Weekly CFTC data as of Sept. 27 includes some data that is worth watching. The upper study of the attached chart shows the noncommercial net-long position in soybean oil falling by 2,424 contracts over the week ending Sept. 27, the first drop in three weeks, although this position remains bullish and close to the largest bullish position held in 14 weeks. This is of significance when comparing it to the activity in the canola market.
As seen on the second study or the red bars of the histogram, the bearish noncommercial net-short position held in canola futures was pared by 4,123 contracts, the first time in eight weeks that the size of this net-short position has fallen, now reported at 38,070 contracts. While not shown, this remains close to the largest net-short position held since June 30, 2020. Time will tell if this is a turning point; the media is starting to report discrepancies between Statistics Canada's model-based production estimates and the boots-on-the-ground method conducted by both the Alberta and Saskatchewan governments that bears watching and could swing production by over 1 million metric tons.
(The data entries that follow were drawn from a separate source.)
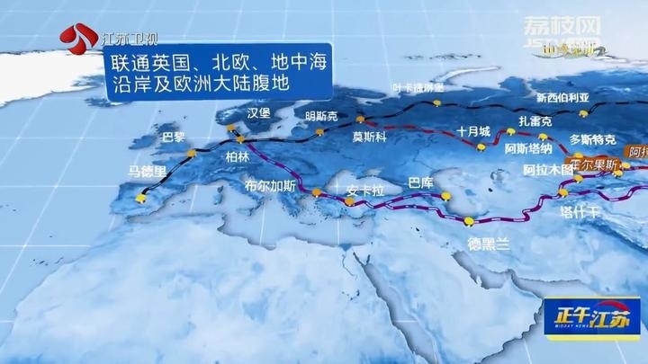 在西端,聯(lián)通英國(guó)、北歐、地中海沿岸及歐洲大陸腹地;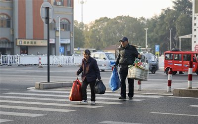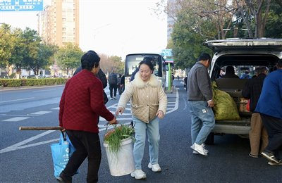 清晨的湖城,太阳刚从地平线缓缓升起,薄雾尚未完全散去,空气里还有一丝丝寒气。近日,一辆从南浔区千金镇始发的公交车在终点站停下,挑着菜担、拎着菜篮的菜农陆续下车,快步走向早已等候在旁的一辆面包车。面包车司机宋庆来是吴兴区鸿泊湾菜场负责人,也是这些菜农到城里卖菜的“摆渡人”。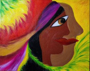 Sarbjit was born in 1962 in Punjab, India. She came to Britain at the age of eight and lived much of her early life in Southall, during which time her father worked for London Transport on the buses and her mother in factories and later as a hospital cleaner. She wrote the following in an introduction to an exhibition of her paintings held in The Dominion Centre, Southall:‘Some of my earliest memories are of being taken by bus from Featherstone Road, out of Southall and all the way to Wood End Juniors in Northolt. This was under the notorious racist ‘bussing’ system imposed on Asian children in Southall and other places….I remember my friend telling me how awfully her mum was treated at the Wall’s factory…I have memories of my dad working on the 207 bus and how proud I felt when in one of the school holidays he took me with him, and I sat in the bus while he gave bus tickets. Later I remember the sweets with almonds my mum used to bring home after working at the Nestle sweet factory in Hayes…The racist 1981 Nationality Act restricted the right to British citizenship for many people of colour living here. I remember that day (of the protest against the Act) as I so much wanted to go, but knew I wouldn’t be allowed. Instead my English boyfriend went, and told me how huge it was….I remember the weekends spent watching TV at home while dreaming of all the things I would do if I had the freedom I wanted…’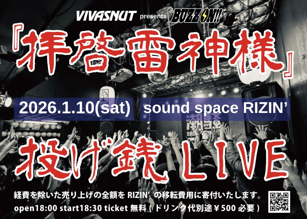 投げ銭ライブで、経費を除く売り上げの全額を高松RIZIN’の移転費用にあてさせていただきます。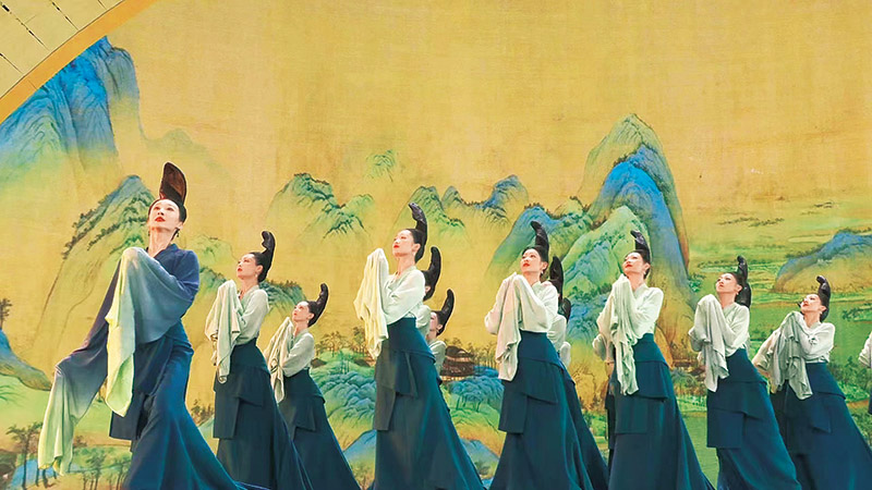 圖為圍繞傳世名作《千里江山圖》創(chuàng)排的舞蹈詩劇《只此青綠》亮相2022年中央廣播電視總臺春節(jié)聯(lián)歡晚會(視頻截圖)。中央廣播電視總臺供圖
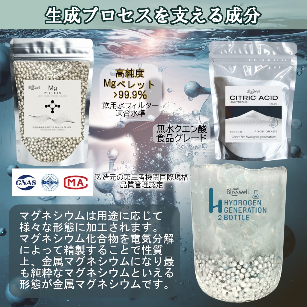 付属のマグネシウムは国内の成分分析機関で純度検査を行い、飲用水フィルター適合水準の純度99.9%を確認済み。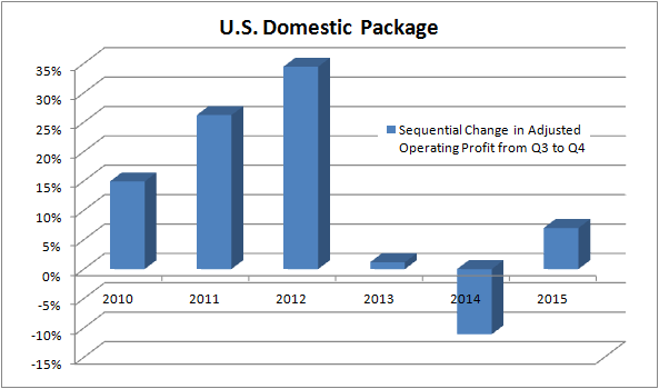 Investing conclusion: Surging e-commerce demand during peak brings challenges as well as opportunities and isn't a catchall argument for buying the stock. U.S. domestic adjusted operating profit in the fourth quarter of 2015 was just 2% higher than in the same period in 2011.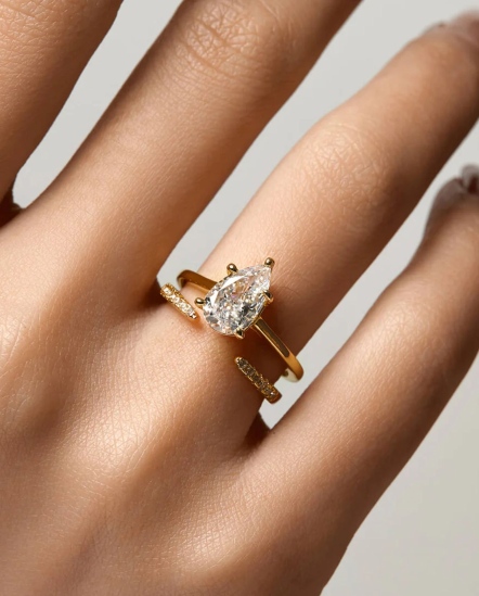 Lavo Dainty Pear cut-梨型單鑽排鑽細戒

The investment community could come to view short bearish positions as being risky, also at a time when the board crush margin is pointing to sky-high crush margins.
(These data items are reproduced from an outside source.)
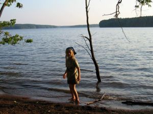 We also discovered that the last site in area B (site 15), had some trails down to the lake after all, so we were in luck! When we arrived, we set up the tent and grabbed some fire wood for later, and then we walked down the trails, which kind of disappear after bit into just woods, down to the water. This picture of Riley in front of the tent is blurry, but I wanted to include it since it is the only one we have of it.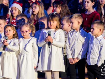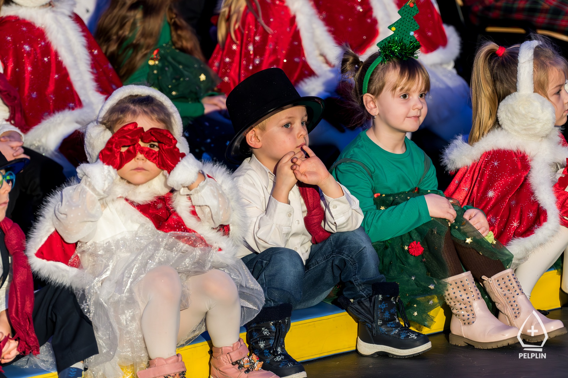 Pierwsze muzyczne akcenty zapewnił zespół Modraki OJTOTO, prezentując kolędy „Jawi się na świecie” oraz „Gore gwiazda”. Na scenie zaprezentowały się również dzieci z przedszkoli i szkół z terenu gminy Pelplin. Przedszkole nr 2 w Pelplinie wprowadziło publiczność w świąteczny nastrój utworami „Świeć gwiazdeczko” oraz „Wesołych Świąt”. Uczniowie ze Szkoły w Kulicach i Rudnie wykonali znane i lubiane kolędy, m.in. „GraJmy Panu”, „Gwiazda Jezusowi”, „Pójdźmy wszyscy” oraz „Przybieżeli do Betlejem”. Przedszkole w Rudnie zaprezentowało radosną przyśpiewkę świąteczną „Grajmy dana dana”. Szczególne wzruszenie wywołały występy najmłodszych z grupy Modraki oraz występ nauczycieli z Przedszkola nr 1 w Pelplinie, którzy wykonali poruszającą „Kolędę dla nieobecnych”. Publiczność z entuzjazmem przyjęła także występ zespołu z Tczewa, który zaprezentował utwory „Do domu czas na święta”, „Bambino Jezus” oraz „Kolęda Maryi”.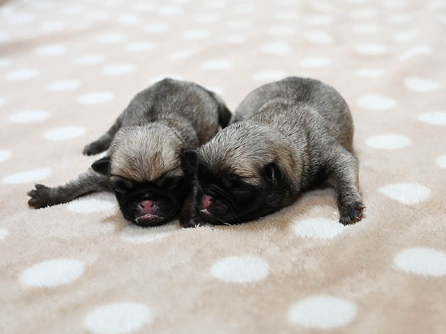 お問い合わせ番号: S_374 仔犬掲載日:2026/02/28 最終更新日:2026/02/28 パグ 男の子 1匹 女の子 1匹 親犬コメント 献身的な子育てをしてくれる優しいお母さんです。 仔犬コメント 2月26日にパグが産まれました。健康状態はまだ保障が出来ないため正式にお譲りする事ができません。4月上旬頃に仔犬販売へ掲載予定です。仔犬販売掲載前に飼い主様が決まる事も御座いますので現在の状況についてはお気軽にメール、お電話でお問い合わせ下さい。お客様へのお渡しは生後60日前後となります。予約制となっておりますのでご見学に関しては必ず事前にご連絡下さい。 ▲ 画像クリックで拡大します。

Noncommercial traders have taken a bullish approach when it comes to trade in wheat. While not shown, the noncommercial position in the mostly actively traded soft red winter wheat moved from a bearish net-short position to a bullish net-long position in the week ending Sept. 27, while for the first time in nine weeks (not shown).
As seen with the purple bars on the attached chart, noncommercial traders in hard red spring wheat futures have increased their bullish net-long position for four consecutive weeks to 7,302 contracts net-long, while to the largest level held in 12 weeks. In September, the USDA estimated that U.S. ending stocks of hard red spring wheat will be the lowest in 15 years, while the September reports show U.S. wheat stocks as of Sept. 1 and 2022 production both below normal. There remain varying ideas between Statistics Canada and the provinces over the prairie crop potential, while this is not lost on speculators at a time when Russia could slam the door on Ukraine exports.
The lower study shows the net position held by speculators in Canadian dollar trade, which moved from a bullish net-long to a bearish net short position over the past week. The net-short position of 17,666 contracts is the largest bearish position held since October 2021, or the largest seen in almost one year.